↓↓↓

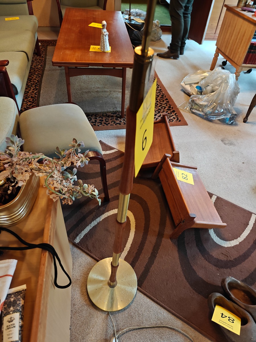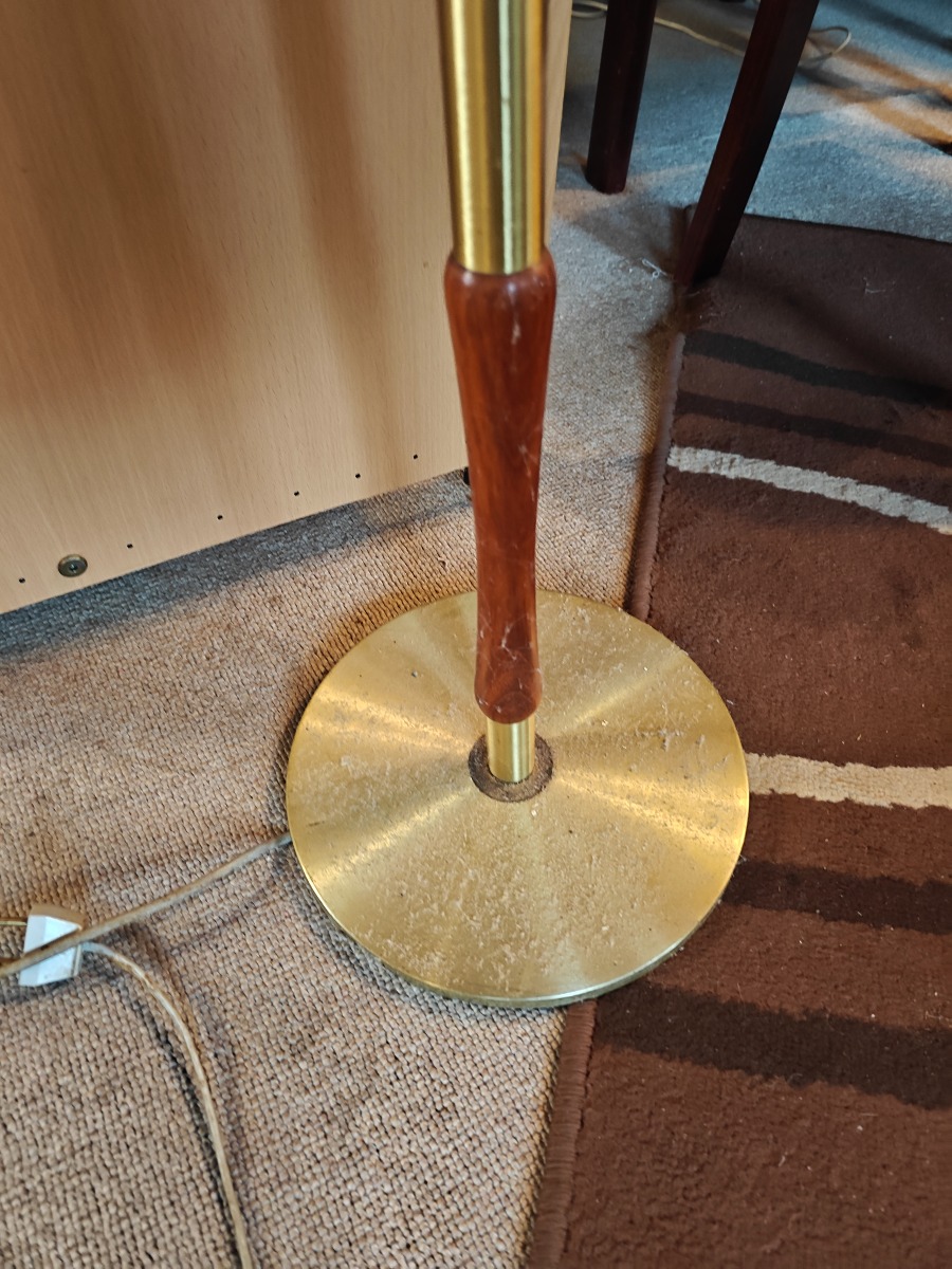 Standerlampe af teak og messing. H. 183 cm.
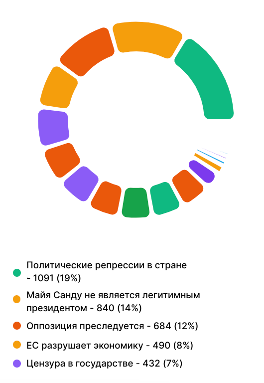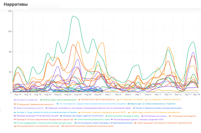 - Согласно данным, ключевые нарративы, которые преобладали в течение первых трех недель предвыборной кампании, связаны с утверждениями о политических репрессиях в стране, нелегитимности Майи Санду как президента и преследовании оппозиции.
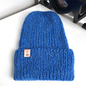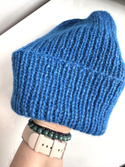 Ciepła czapka ręcznie robiona wywijana CHMURKA Alpaka 37 Bluebird
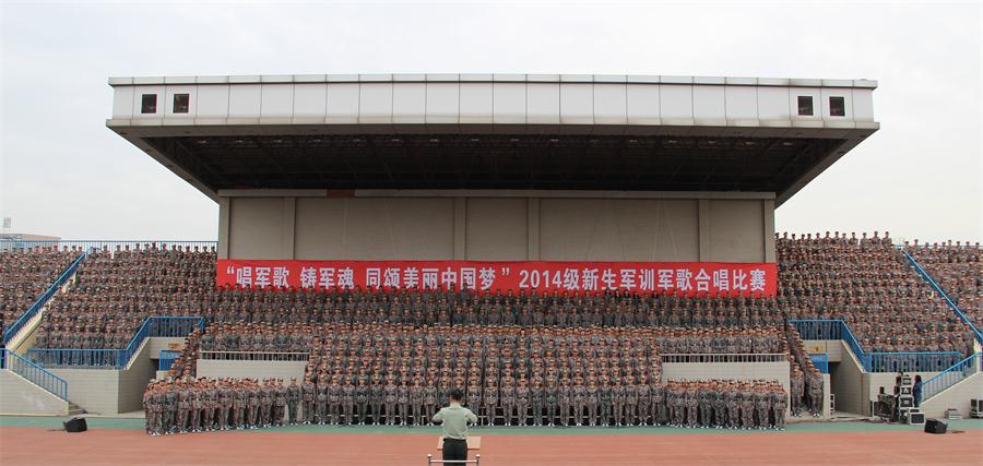 为加强爱国主义教育,深入开展“我的中国梦”系列活动,弘扬社会主义核心价值观,增强当代大学生集体荣誉感,10月15日下午,bat365官网2014级学生“唱军歌、铸军魂、同颂美丽中国梦”军歌合唱比赛在朝阳校区田径场举行。学校党委书记张金安,院长丁德科,党委副书记赵伏友,副院长王君龙,纪委书记任健,党委委员、组织部部长杨小渭及学校国防工作教育领导小组成员单位领导出席并观看了合唱比赛。

↑↑↑

Reproduce the material above in full, images excluded.

Task response:
 Standerlampe af teak og messing. H. 183 cm.
 - Согласно данным, ключевые нарративы, которые преобладали в течение первых трех недель предвыборной кампании, связаны с утверждениями о политических репрессиях в стране, нелегитимности Майи Санду как президента и преследовании оппозиции.
 Ciepła czapka ręcznie robiona wywijana CHMURKA Alpaka 37 Bluebird
 为加强爱国主义教育,深入开展“我的中国梦”系列活动,弘扬社会主义核心价值观,增强当代大学生集体荣誉感,10月15日下午,bat365官网2014级学生“唱军歌、铸军魂、同颂美丽中国梦”军歌合唱比赛在朝阳校区田径场举行。学校党委书记张金安,院长丁德科,党委副书记赵伏友,副院长王君龙,纪委书记任健,党委委员、组织部部长杨小渭及学校国防工作教育领导小组成员单位领导出席并观看了合唱比赛。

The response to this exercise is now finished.